Hadian stated that “President-elect Biden will go all out for multilateralism and pay more attention to diplomacy” compared to Trump. However, he further explained, Biden’s presidency has positive and negative impacts on Iran. One of the positive aspects is that Biden is a rational player and considers the costs and benefits of his actions. The negative aspect of Biden’s presidency is that he can apply pressure on Iran more effectively than his predecessor.
On the use of sanctions against Iran, Hadian said that “sanctions will continue to remain an important tool in American foreign policy toolbox.” He stressed that in relation to Iran Biden cannot postpone addressing the issue of the Joint Comprehensive Plan of Action (JCPOA) and would have to quickly deal with it. and. Hadian further argued that the Iranian Majles has already passed a law obliging the government to take measures to increase the country’s nuclear enrichment capacity.
According to Hadian, Iran is engaging in what he called “constructive ambiguity” by gradually reducing its commitments to the JCPOA. Therefore, Biden is faced with a difficult dilemma of either threatening war with Iran or letting the country develop the bomb. This leaves little choice for the new US administration but to go back to the JCPOA despite pressures from regional countries and from within Washington. In Iran, he continued, there are also spoilers who do not want the US to go back to the JCPOA and would prefer the status quo, as they look at the issue through an ideological lens. Hadian argued that “the mistrust of America is rooted in the ideological orientation” of the so-called Principlists, who have long opposed any negotiations over the country’s nuclear program.
Reformists and moderates in Iran, according to Hadian, believe that a return to the JCPOA needs to happen now. If this were to take place, the reformists will have a good chance of winning the upcoming 2021 presidential elections in Iran. A resumption of negotiations will have “at least psychological impact inside Iran, if not in real terms, as people would think we are moving forward in the right direction and would question why they should vote for a Principlist,” Hadian said.
Hadian also reflected on Iran-China relations and highlighted that, within the political elites, there is a consensus that Iran needs to get closer to China. Iran has already signaled to China that no matter what happens, the ties between the two will remain intact. However, the extent to which Iran should get closer to China is debated within Iranian policy circles. One group believes that Iran needs to get strategically close to China, while others want Iran to get close but not fully enter China’s orbit. Hadian predicted that “the first group cannot win, and Iran will be close to China but not in the orbit of China.”

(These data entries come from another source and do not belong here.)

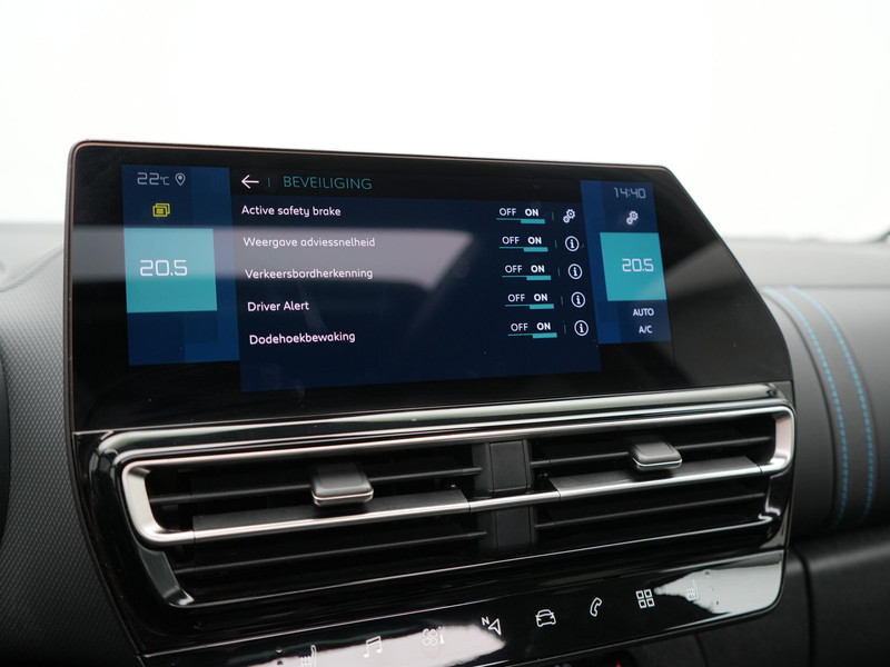 De intelligente veiligheidssystemen in deze auto waken continu over uw veiligheid. In het instrumentarium ziet u tijdens de rit ook de belangrijkste verkeersborden aangegeven, die de auto automatisch voor u leest. Onbedoeld buiten de rijstrook raken wordt voorkomen door het Lane-keeping systeem. Forward collision warning waarschuwt voor een kop-staart botsing. U bent mede dankzij dodehoekdetectie, hill hold functie, brake assist, vermoeidheidsherkenning en bandenspanningcontrolesysteem steeds veilig onderweg.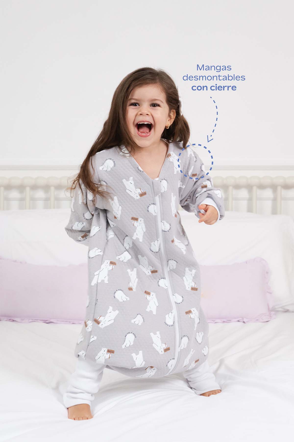 ¿Se le salen las mangas al dormir? ¡Nueva versión 13! Con cierres en las mangas que crean un efecto de sellado en el saquito, evitando que se desabrochen y los espacios vacíos donde se cuele el frío. Además, con tapamedias en el tobillo para taparle los pies en la noche y evitar que se le caigan las medias. No te preocupes por si se despierta y se pone a caminar con ellas, la planta del pie tiene antideslizantes que le permitirán caminar tranquilo sin riesgo de resbalarse.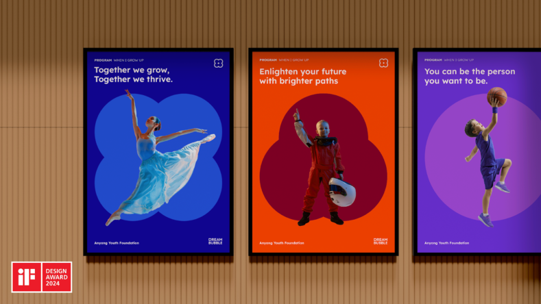 DREAM BUBBLE 아이덴티티 프로젝트는 안양시청소년재단의 청소년 활동, 보호, 복지 사업을 활성화해 지속 가능하고 신뢰받는 청소년 지원 및 보호 전문기관으로 도약하고자 진행한 프로젝트다. 무한히 자라나는 ‘청소년들의 다양한 꿈’을 ‘DREAM BUBBLE’이라는 브랜드 네임과 원형 유닛의 심볼에 담아 표현했다. 해당 프로젝트는 공공기관의 딱딱한 이미지에서 벗어나 주요 고객인 청소년 및 MZ세대의 감성과 시각에 맞춰, 브랜드 아이덴티티를 개발했다는 호평을 받으며 커뮤니케이션 부문의 본상을 받았다.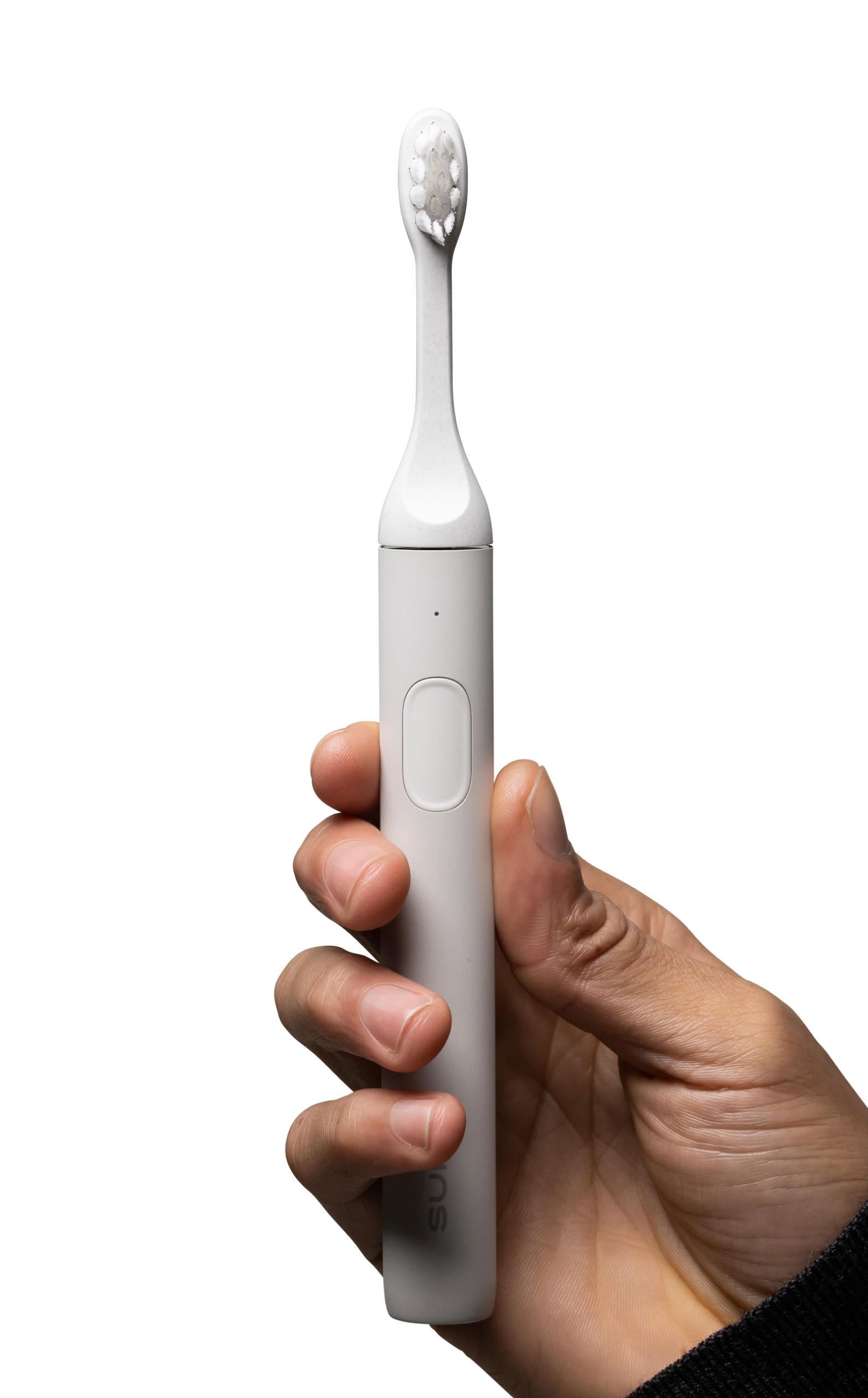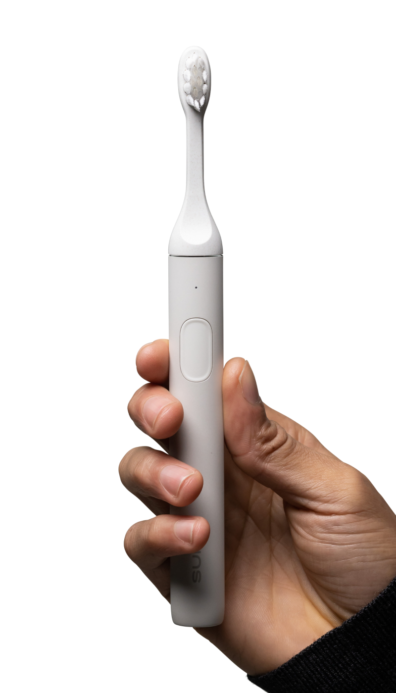 Our brush uses recyclable plant-based heads and bristles, the slim aluminium body is designed to be taken apart and repaired, all while delivering a dentist-approved clean.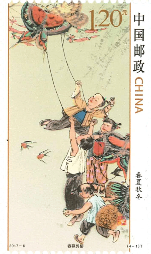 地球在围绕太阳不停地公转的同时,也在绕自身的地轴自转,不过地轴并不垂直于公转轨道面,而是有一个66.5度的倾角。正因为这个倾角的存在,才会使太阳在地球表面的直射点在南、北回归线之间移动,从而形成了春夏秋冬,又称为“四季”。春天始于二十四节气中的“立春”,夏天始于“立夏”,秋天始于“立秋”,冬天则始于“立冬”。四季的概念在黄河流域最为确切,我国劳动人民总结的基本规律是春生、夏长、秋收、冬藏。正是《黄帝内经》等国学典籍所阐述的人与自然关系的基本思想。春夏秋冬四季在中国人眼里不仅是季节的分界,更是人与自然的和谐相处。邮票内容分别为:春燕剪柳、夏荷戏水、秋鸡鸣穗、冬雪映梅。“春”来微风和煦、两岸柳扬,一群幼童在放风筝;“夏”时孩子们摇着小船穿梭在荷花荡,有的顶着荷叶帽,有的摆弄着手中莲花;“秋”日云高万里,遍布金黄色调。孩童们忙着收稻谷;“冬”有飘漫天、梅红绽放,女儿家在忙着贴福字、孩童们蹲在地上放鞭炮,给新年讨个好彩头,一派喜气祥和的景象。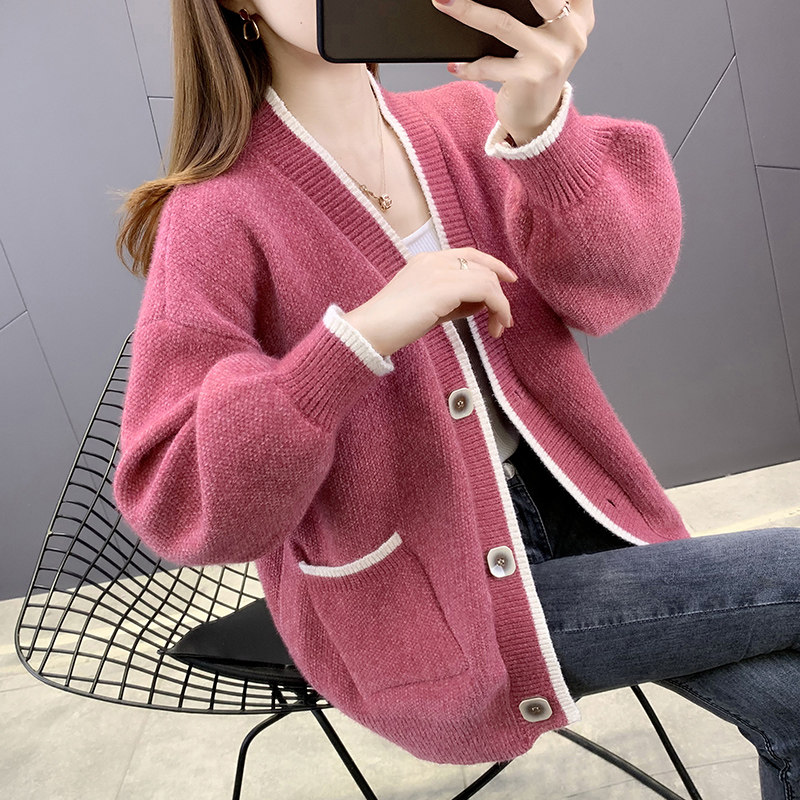 森女部落原创粉色宽松针织开衫外套春秋穿搭毛衣女款新款粉色上衣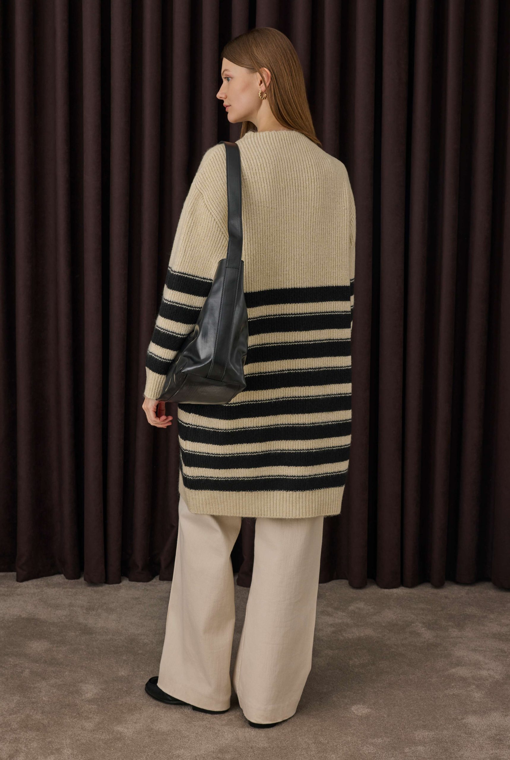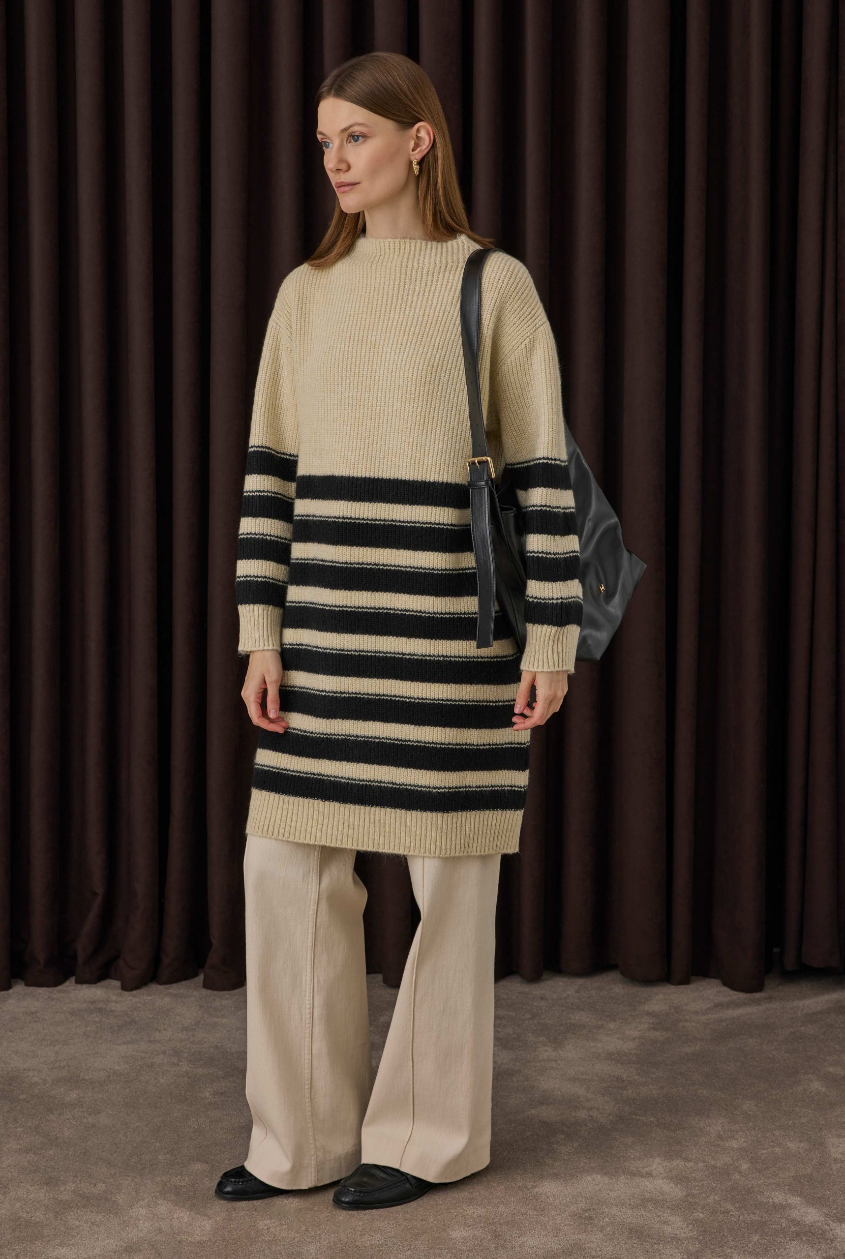 With its modern lines, the thin striped long sweater combines comfort and style through its ribbed collar detail. The long silhouette allows for a comfortable and elegant look.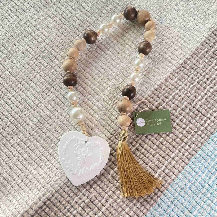Miçangas de madeira e pérolas em tons pasteis e terrosos com franja CINZA e outra ponta uma placa de metal acabamento com detalhes dourados e branco em formato de coração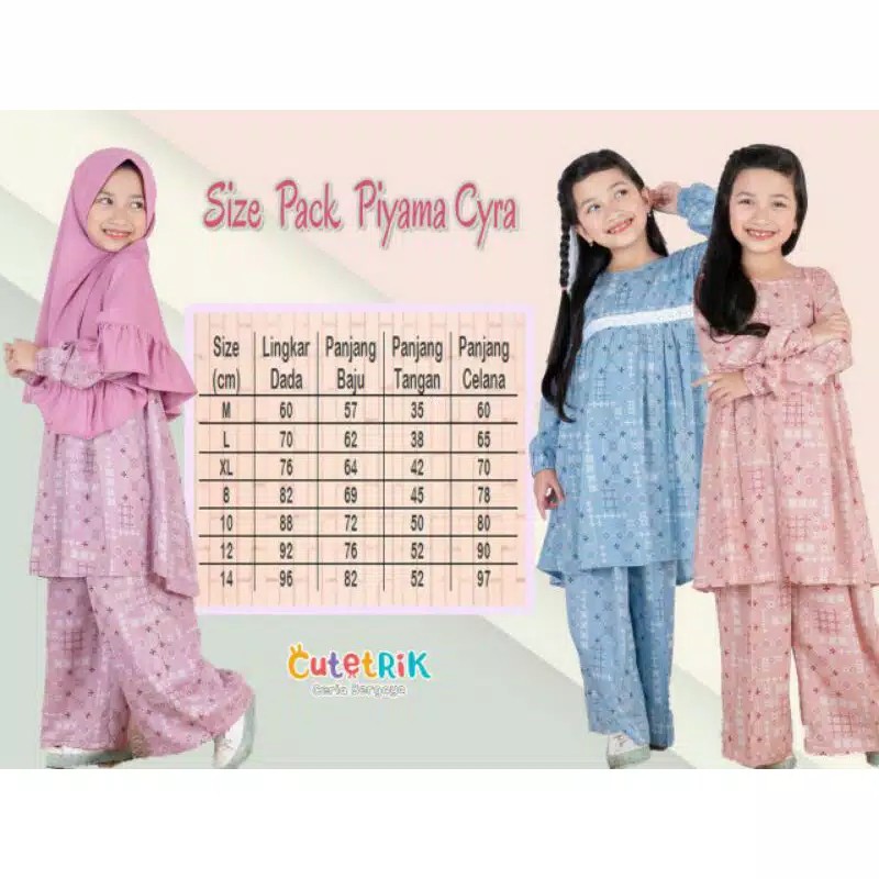Baju tidur piyama anak cutetrik bahan katun rayon adem dan lembut usia 3th-14th

Hadian also discussed the impact of the US administration on Iran’s relations with Europe. He stated that “President Trump has clearly demonstrated that the United States can impose its will on the world” and that “Europe is almost irrelevant to Iran’s strategic calculus.” He noted that the post-Trump era would be important to Iran in determining how close it should get to China and Europe, and what it can expect from the US, Russia, and Europe.
Finally, on the security of the Gulf region, Hadian observed that the smaller states would not accept a security arrangement without the presence of external powers. “In order to address that issue, we need external players, and the only country that the majority of these countries trust is the United States.” However, Iran is unlikely to agree to such an arrangement without some form of Russian regional presence. Hadian stressed that at the formal level both the US and Russia need to be present, if there is to be a security arrangement in the Gulf region. Informally, according to Hadian, China will be the most important player in the future for the security of the region.